Assistant Vice President and Senior International Officer Kapila has worked with the Institute for Global Engagement (IGE) to “coordinate and integrate global education broadly across the College,” she said in an interview. She’s also expanded partnerships with other colleges globally.
“This institute only existed on paper when I took over in 2017,” she said. “I feel like we’ve fully staffed it, rolled it out, learned how to partner with each other, learned what our separate roles are going to be.” Her work has also built on short-term faculty-led travel programs.
Maria Tapias has also made an impact as Senior Associate Dean. She has overseen tenure review work, grants and scholarships for faculty, as well as faculty sabbaticals. She has also done work with Chief Diversity Officer Johnson to “have discussions with faculty on the personnel and committee level on implicit bias, microaggressions and how that might percolate into a review process.”
Tapias has also worked closely with Vice-President for Academic Affairs and Dean of the College Anne Harris in the transition process when Harris became the new dean. Tapias also helped coordinate an external review of the dean’s office to determine how it could grow regarding diversity and inclusion, prior to Johnson being brought in as the chief diversity officer. Tapias also worked with the CLS to implement more holistic advising.
Chief Diversity Officer and Assistant Vice President within the Dean’s office Lakesia Johnson was unavailable for an interview this week, but Harris said that Johnson “create[d] a climate in which everyone can make a valued contribution in the fullness of their identity.”
“She’s been transformative in our policies, anything from hiring policies to grievances to how we communicate about diversity with one another. But then she also looks to the person, she’ll work with individuals, she’ll work with departments, she’ll work with all those micro communities of course that we have here,” Harris said.
Harris explained the College will be using the search firm Carrington & Carrington in order to find a replacement for the Chief Diversity officer, which Johnson recommended. “They met with multiple student constituencies, they’ve met with faculty and staff constituencies as well. And the next steps will be to craft the position description for them to start recruiting, … and in the spring we are likely to have candidates visit on campus.”
The other two positions will be filled by nomination of faculty and the decision will be made by an executive council.

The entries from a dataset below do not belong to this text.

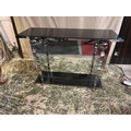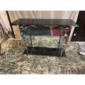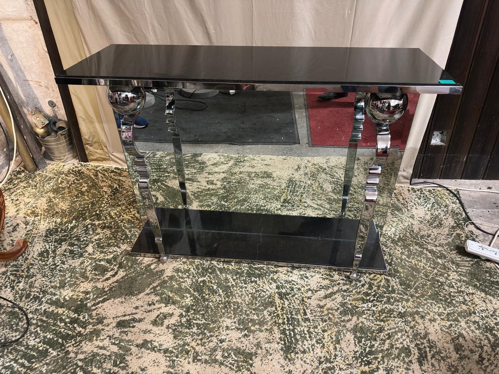Decorative Chrome & Mirror Glass Consul Table with Black Fleck Marble Top also Granite Base "cracked"
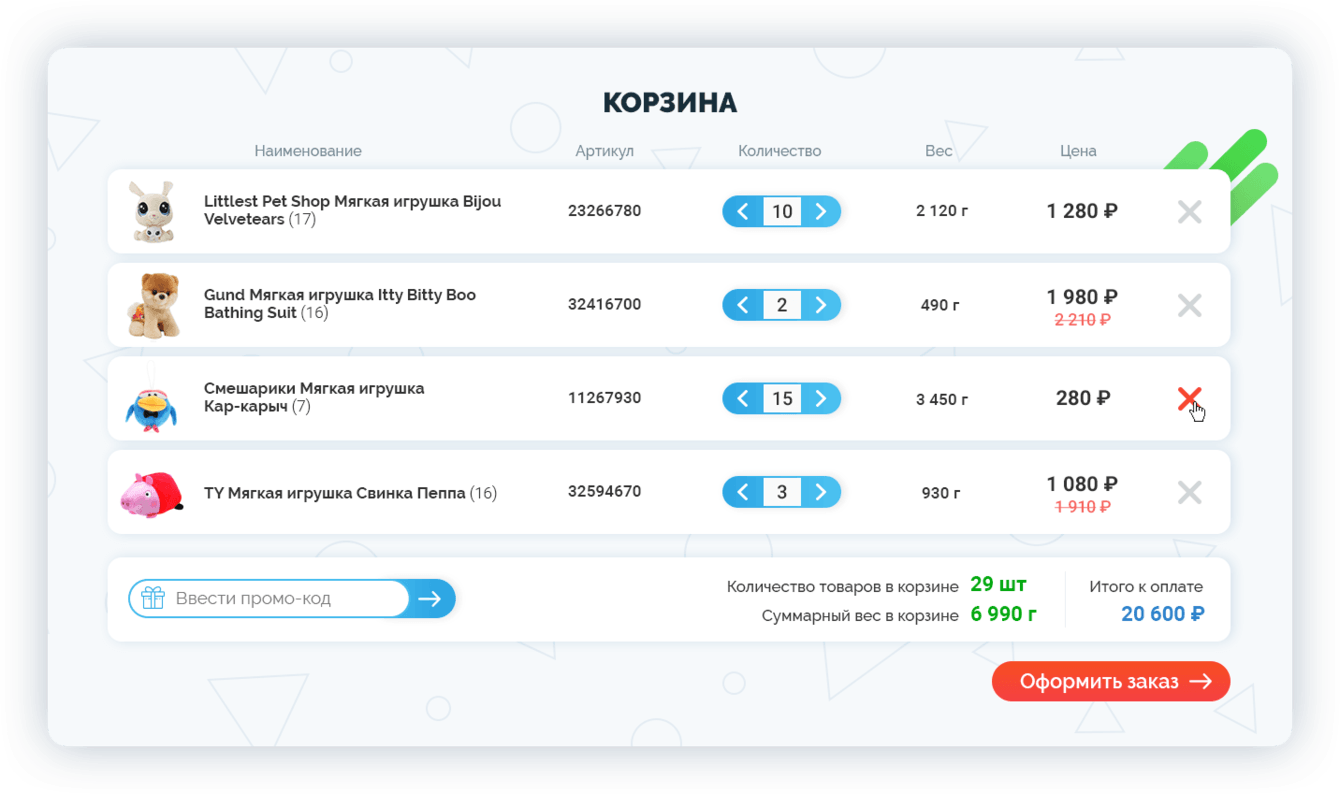 - демонстрация применённых акций и скидок;
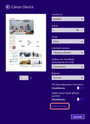 Inprimatze-pantailan, sakatu [Inprimatu].

Kapila spoke on the three of them stepping down, saying, “Each of us has put in a long period in an administrative position. I believe all of us have enjoyed working with the previous dean and now this new dean. But I think we are all looking to go back to our faculty specializations, my guess is that we miss that—reading books and preparing classes and talking to students more intensively and being able to do some research in the summer.”
Tapias also commented on stepping down. “I only speak for myself but I’m pretty sure others will echo this, that it’s a desire to get back to the classroom, to reconnect with why we originally came into academia in the first place.”
On whether it is a coincidence that the three of them stepped down at the same time, Kapila said, “It is kind of a coincidence … [that] 8-10 years ago three faculty women of color took up major administrative positions, which I think is a great thing. But obviously I think the exhaustion will probably happen around the same time.”
Harris said this type of administrative flow is common in academia. “There’s absolutely a rhythm in higher-ed where you do some administrative work for a certain number of years and then you come back into the faculty and then maybe you go back out into administration. … I myself was a faculty member for seventeen years and then I moved into administration, and I loved the advocacy work of administration.”
Tapias spoke about her time working in the administrative role. “I’ve really enjoyed my time here in the dean’s office, because I think it gives you an opportunity to see a bird’s eye view of the institution and how multiple offices are making this place work.”
“It’s notable I think that it adds to our careers and the health of the institution that we are able to give time just to building new institutions,” Kapila said. “Whether it’s the diversity office or the dean’s office, or in my case it’s the [IGE].”